The gist of the talks included of course, how to engage our youth to participate in numismatics. There are no single answers but everyone agreed that technology plays a heavy part in numismatics and will only play a stronger part in the future, that dealer and club websites need to be up to date to include modern technology and information with quality photographs. We talked about that, unless the aging club members learn to engage youth and meet them at least halfway by somehow including technology in their club meetings, it will be very difficult for these clubs to keep functioning. And even with that, our youth are more interested in using online forums as a way to discuss numismatics rather than meet in person in a club setting.

Scott, the stamp guy, talked about how the stamp market is struggling with aging membership but that they are trying to embrace more technology by even having an online club where young members can use Facetime or Skype to meet and discuss their collections, etc.

Steve, the Canadian numismatist, had similar issues as U.S. clubs and with less attendance at shows and auctions due to people using computers to buy from dealers online and online auctions.

Jeff Shevlin challenged each of the audience members to declare one thing that they will do to help numismatics, then to report back to him once they have done it so he can include it in an article he will write.

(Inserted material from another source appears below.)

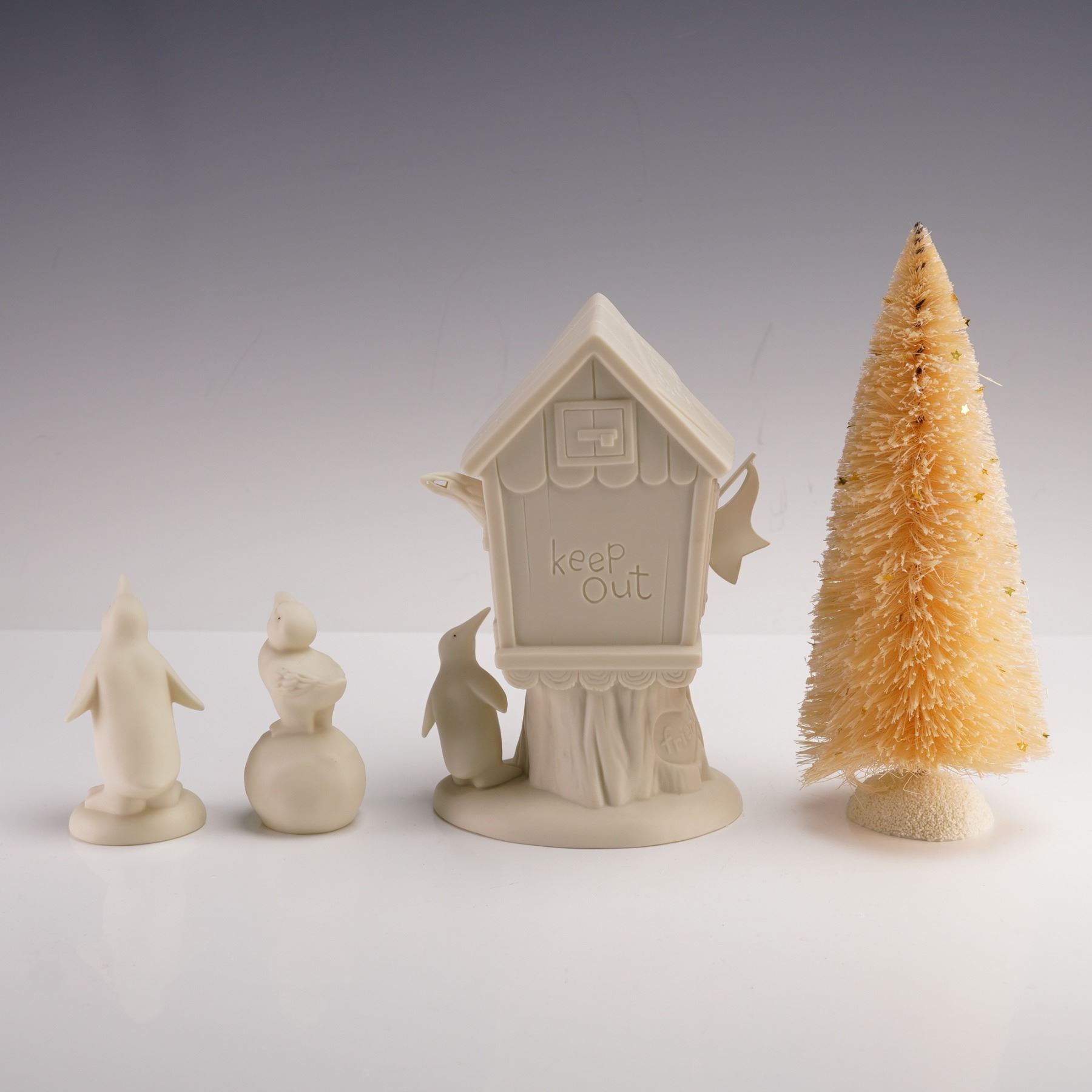 This group of Department 56 Snowbabies pieces includes Friendship Clubhouse, Jolly Friend Forevermore, and two small penguin and puffin figures. Friendship Clubhouse features two Snowbabies perched on a detailed treehouse labeled Members Only, with penguins at the base and a waving flag. Jolly Friend Forevermore comes with a tall cream colored Christmas tree with a soft bristled texture. The penguin and puffin figures complete the set with smooth matte finishes and simple rounded forms that add to the wintry charm. Department 56 backstamp.

We also discussed how there may be too many small coin shows and clubs (particularly throughout Northern California) and that perhaps they should try and combine shows and clubs so as not to dilute the regional market with too many small shows. However, we discovered that too many club members are entrenched in their “own” turf and don’t really want to “share” their shows or hold them in another club’s venue. Unfortunately, it’s this way of thinking that will eventually end some of these smaller clubs.

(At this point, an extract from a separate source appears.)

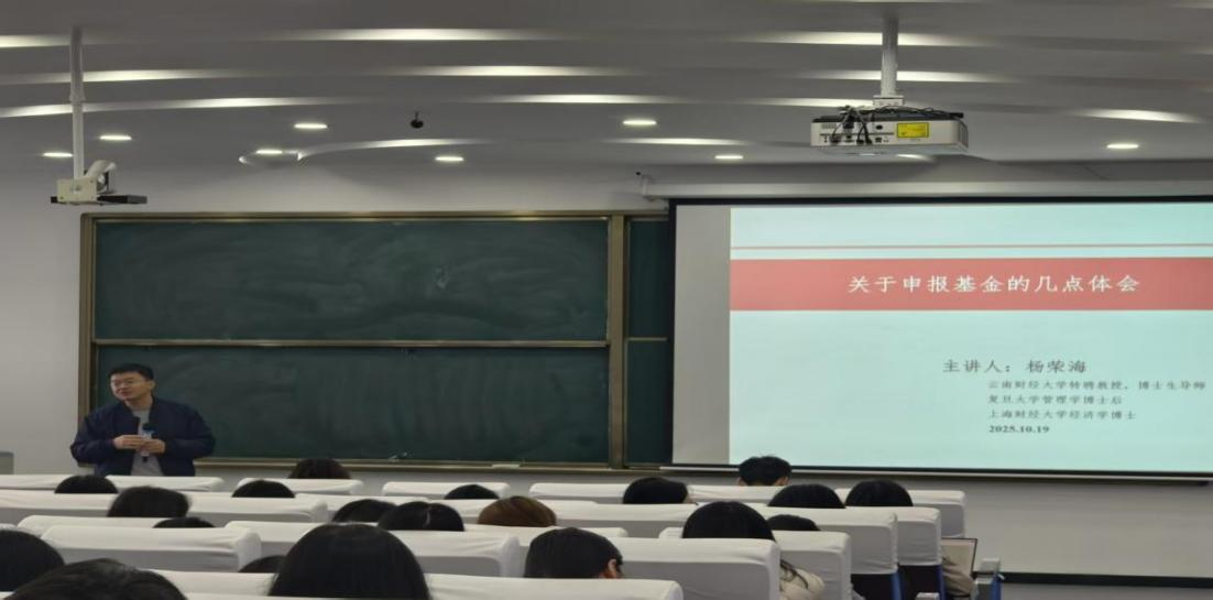 首先,杨荣海教授强调大学基金申报的重要性——这既是高校教师学术成果的关键展示途径,也对个人学术发展意义重大。他详细解读了当前基金申报的具体要求,提醒师生需规避各类可能导致申报被拒的问题,务必精细化处理每一个细节,提升申报材料的通过率。

I specifically discussed different ways I thought we could market numismatics more to women (which also applies to our youth) by welcoming them at shows and clubs, helping to mentor them, engaging them, making them feel less intimated, introducing them to other forms of numismatics that they may find more appealing such as love tokens, encasements, penny teapots and charms, pop outs, elongates, etc. The main theme of my talk involved being a mentor as I feel that after getting new collectors in the door, in order to keep them engaged and interested, we need to make sure they have someone they can turn to, ask questions of, and not feel intimidated by who will help guide them as they grow their passion and collection.

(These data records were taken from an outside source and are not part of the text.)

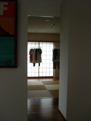 玄関から右手を見ると和室。マメに畳む方ではないのでだいたいこんな感じで洗濯物がぶら下がっています。ホスクリーン使用。
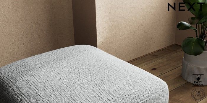 7.2.10 Houghton Deep Sit Storage Footstool Chunky Boucle Easy Clean Mid Grey Square Angle - Brushed Brass | Made Click here to use our website with more accessibility support, for example screen readers
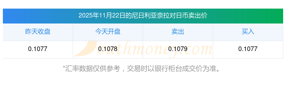 2025年11月22日尼日利亞奈拉兌換日幣的匯率為:0.1078

After the four speakers were finished, we had a panel discussion where we all took questions from the audience. There were almost 50 people in the audience, many of whom had various questions about how we can make the hobby better.

After the seminar ended, we went back to the hotel to freshen up before the banquet. Then we all met at a wonderful Italian restaurant along the harbor for dinner which was entirely and generously sponsored by James Laird.

Coincidentally, during my talk, I showed photos of some of my exonumia, including a 1900 celluloid encased Indian cent political charm with a photograph of Roosevelt and McKinley on the other side of the charm.

After my presentation, James walked up to me and showed me a very similar charm he had in an airtight container attached to an original red ribbon bow hanger. This had belonged to James’ grandfather and had been handed down to him. I had never seen this charm with the original hanger before and was so very pleased to see one.

I must say that I have never enjoyed a symposium as much as I enjoyed this one. Everyone was so completely kind, generous, engaging, welcoming, and gracious to each of us presenters. Not even counting the Napa/Jelly Belly tour, if every numismatic speaker was welcomed even half as much as we were, I don’t think any club would ever have any problems finding speakers!

Thank you so much Michael, James, Lloyd, Xan, Fred, and all the other patrons and benefactors for one of the most fun and memorable numismatic experiences I’ve had! I am grateful to you for all of your hospitality and am honored to have been able to spend time and get to know each of you. Thank you!!